Les promesses n’engageant que ceux qui veulent bien y croire, la
monarchie marocaine promet tout et tient son contraire depuis si
longtemps, qu’elle en a perdu toute crédibilité, d’autant que la crise
économique qui n’aura épargné aucun pays interdit pour un bon moment,
de croire à la véracité de tout projet de redressement.
Tant de balivernes bégayées, n’auront donc trompé personne, le seul
but de l’exercice étant de faire naviguer les esprits de nos
compatriotes, d’illusions perdues en espérance prochaine.

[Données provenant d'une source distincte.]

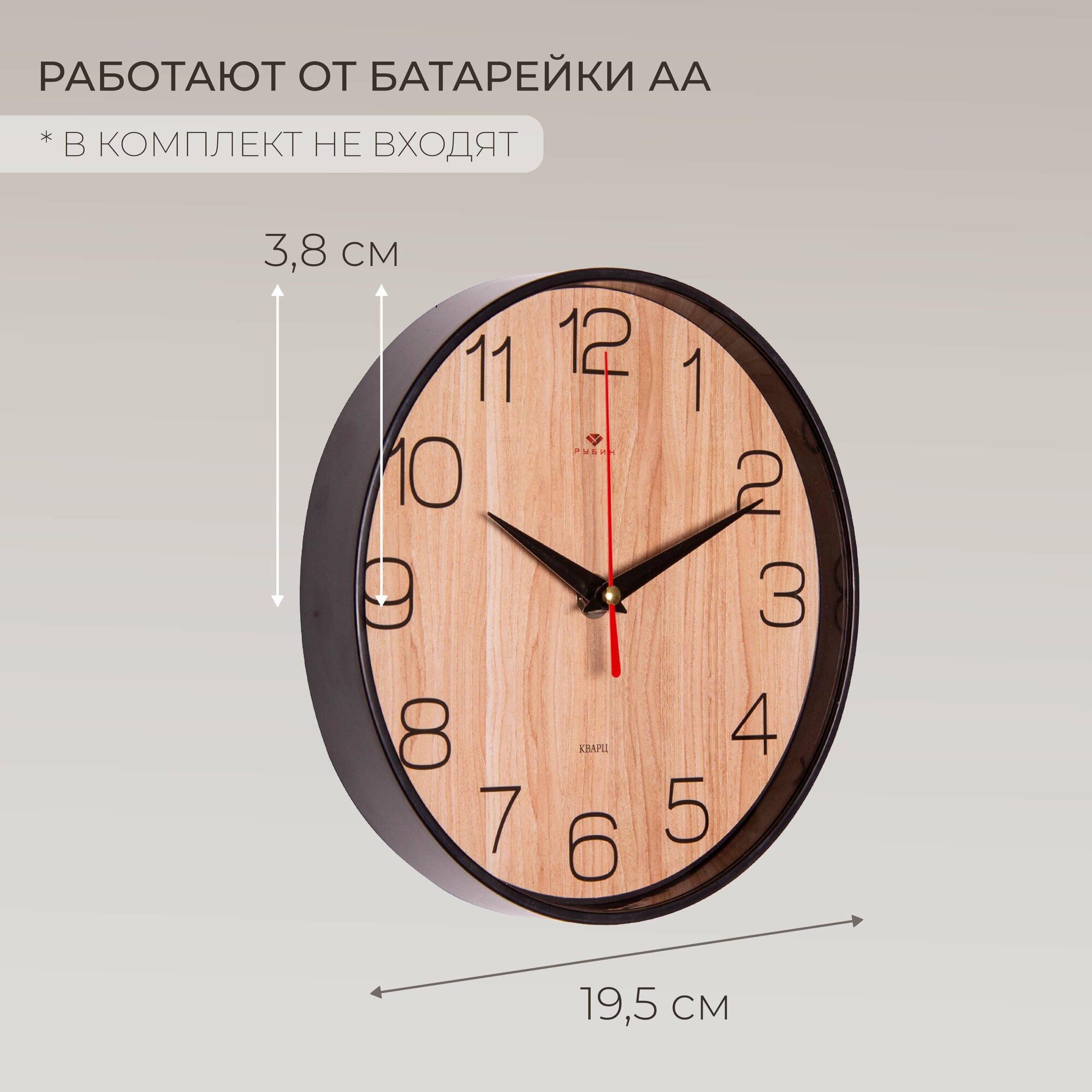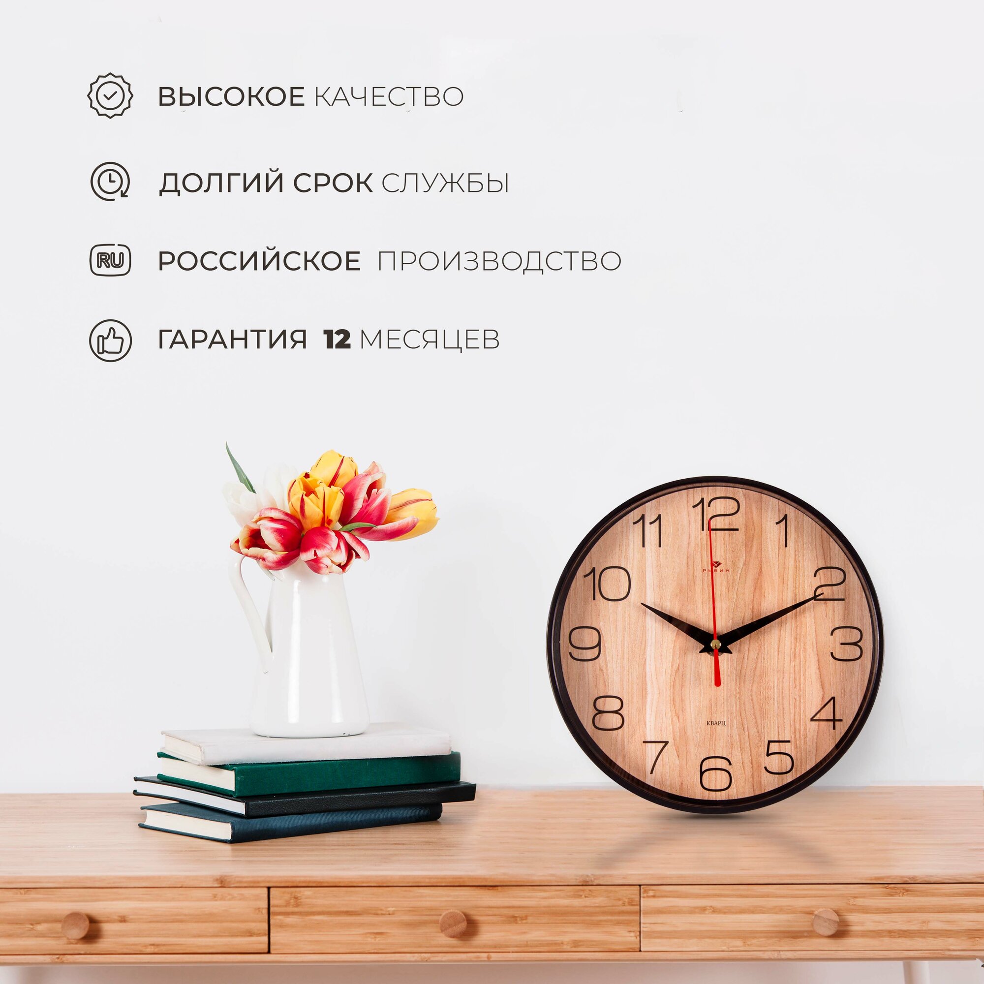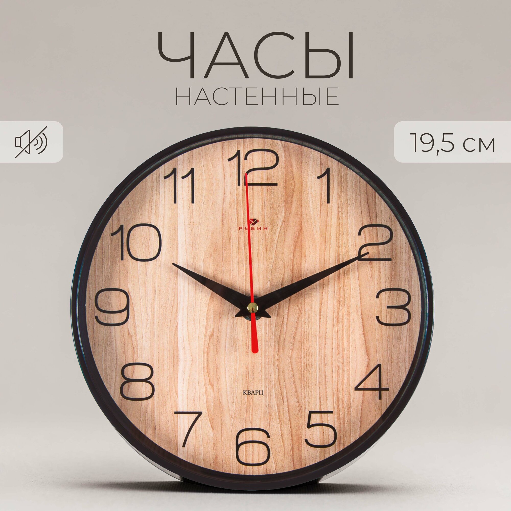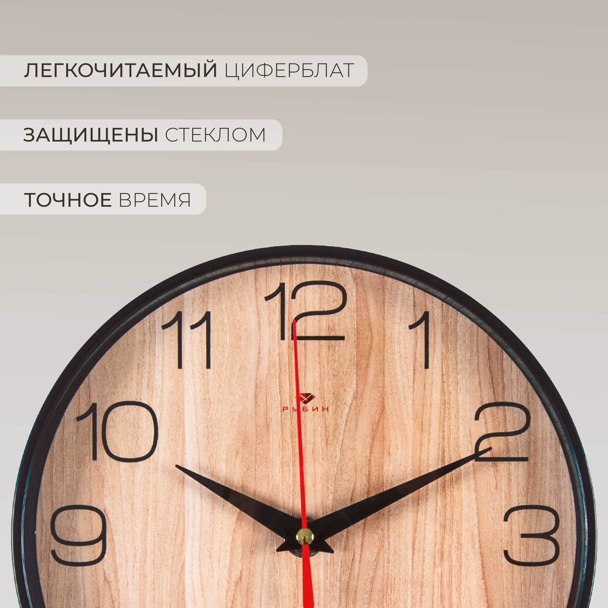 Круглые настенные часы Рубин Структкра дерева бесшумный кварцевый механизм, арабские цифры 29см

Mardi, à Rabat et plus précisément dans l’enceinte du Méchouar,
dont la légende véhiculée par le Makhzen voudrait qu’il soit heureux,
se déroulait une cérémonie dont le monde entier nous envie la
bouffonnerie. Une sorte de « Djellaba-party », donnée par le locataire
des lieux. Il s’agissait de se déguiser tout comme le feraient des
enfants, un mercredi après-midi. Sauf que là, il n’était plus question
de gigoter au rythme de la danse du canard, déguster des nougats et
siroter des jus de fruits, mais de rendre un hommage appuyé et éhonté à
un seul homme, sous la forme d’une prosternation qui n’a rien à envier à
celle due aux divinités. Et pour mieux s’apparenter à un corps divin,
l’acteur principal de cette abomination, s’était paré d’une tenue jaune
canari, qui rendrait jaloux l’astre solaire lui-même.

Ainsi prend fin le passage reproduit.